▶ **DIRECTIONS**
Lift out, unaltered, the lines of the material below between the line holding "10月18日,航拍晨光中的贵阳。新华网发(吴林燚 摄)" and the line holding "Составьте программу рисования", counting both.

▶ **SOURCE INFORMATION**
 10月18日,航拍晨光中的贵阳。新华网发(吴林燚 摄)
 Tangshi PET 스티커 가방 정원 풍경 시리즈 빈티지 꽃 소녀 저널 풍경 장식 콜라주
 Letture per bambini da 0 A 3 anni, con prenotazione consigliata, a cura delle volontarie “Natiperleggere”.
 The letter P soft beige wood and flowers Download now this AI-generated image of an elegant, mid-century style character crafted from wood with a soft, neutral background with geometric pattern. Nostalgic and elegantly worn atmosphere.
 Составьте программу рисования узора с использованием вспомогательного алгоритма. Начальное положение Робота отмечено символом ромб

==

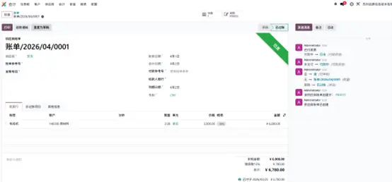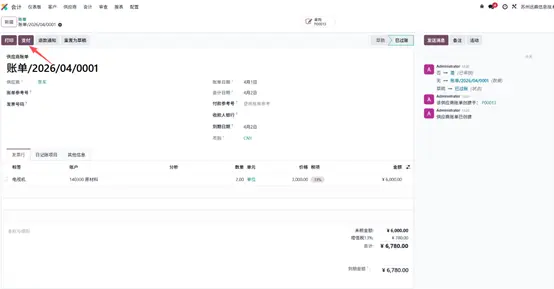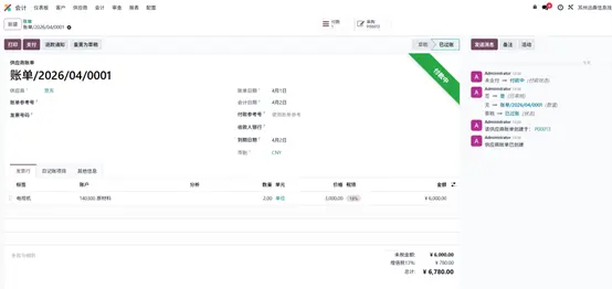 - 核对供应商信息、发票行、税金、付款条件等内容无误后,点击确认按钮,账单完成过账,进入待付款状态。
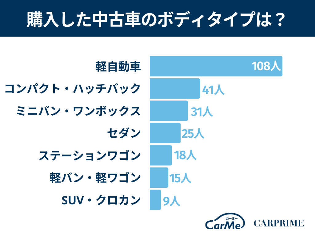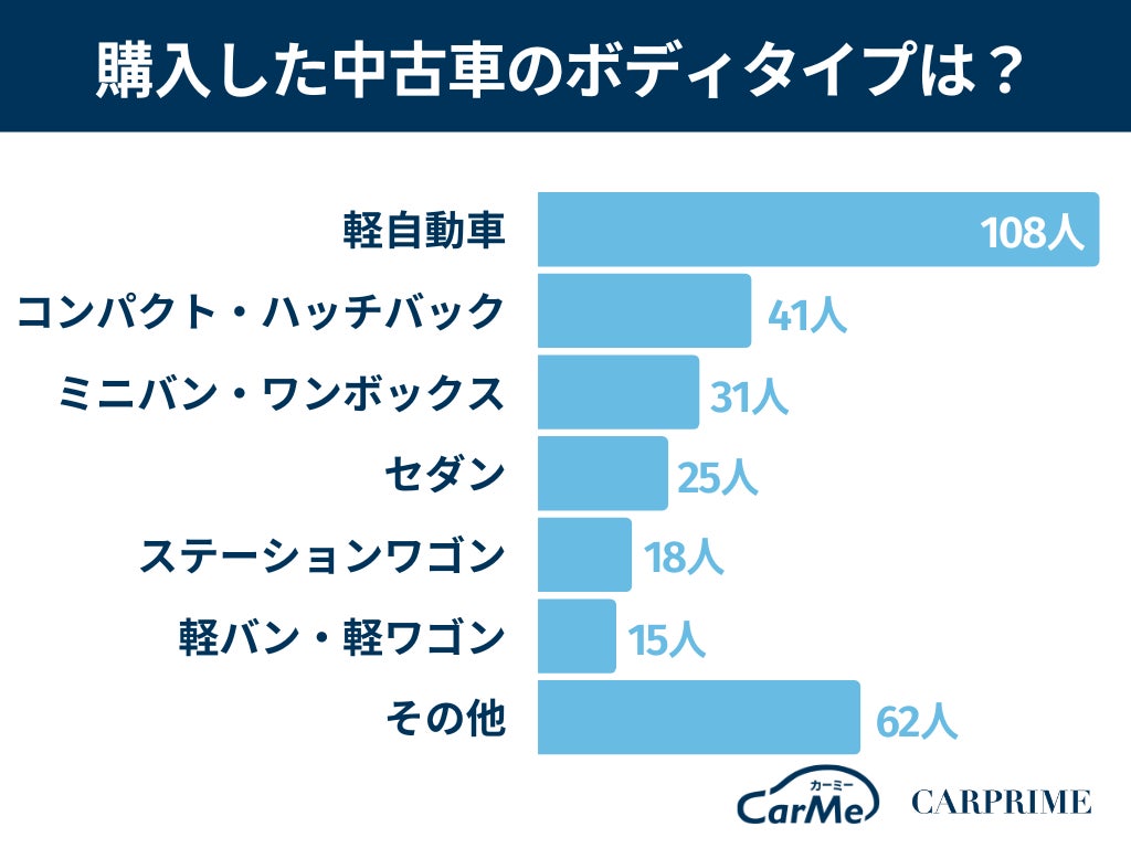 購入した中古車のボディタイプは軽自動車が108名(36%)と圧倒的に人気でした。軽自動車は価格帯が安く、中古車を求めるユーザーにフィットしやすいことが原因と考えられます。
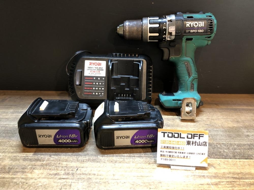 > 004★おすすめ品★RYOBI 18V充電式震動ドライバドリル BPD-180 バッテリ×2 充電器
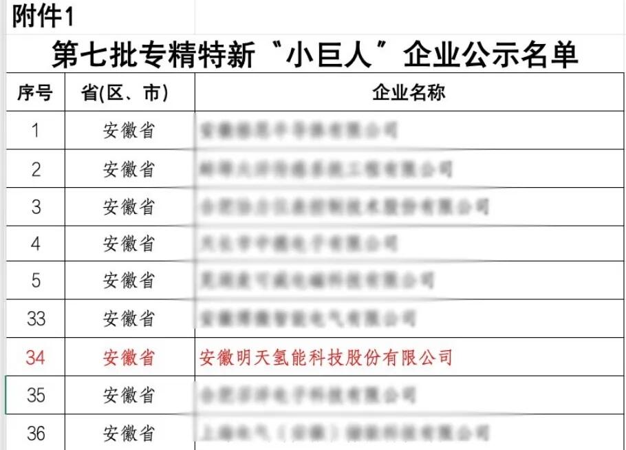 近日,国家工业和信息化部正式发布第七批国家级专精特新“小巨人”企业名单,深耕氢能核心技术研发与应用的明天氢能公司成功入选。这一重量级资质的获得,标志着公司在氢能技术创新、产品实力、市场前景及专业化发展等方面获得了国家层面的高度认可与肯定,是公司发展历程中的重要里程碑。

--

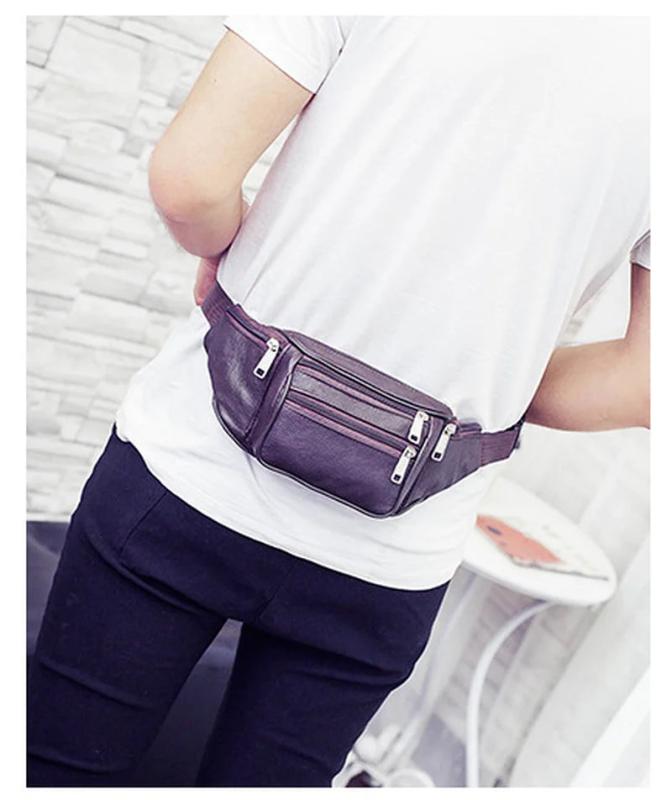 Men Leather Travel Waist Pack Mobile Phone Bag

▶ **ANSWER**
 10月18日,航拍晨光中的贵阳。新华网发(吴林燚 摄)
 Tangshi PET 스티커 가방 정원 풍경 시리즈 빈티지 꽃 소녀 저널 풍경 장식 콜라주
 Letture per bambini da 0 A 3 anni, con prenotazione consigliata, a cura delle volontarie “Natiperleggere”.
 The letter P soft beige wood and flowers Download now this AI-generated image of an elegant, mid-century style character crafted from wood with a soft, neutral background with geometric pattern. Nostalgic and elegantly worn atmosphere.
 Составьте программу рисования узора с использованием вспомогательного алгоритма. Начальное положение Робота отмечено символом ромб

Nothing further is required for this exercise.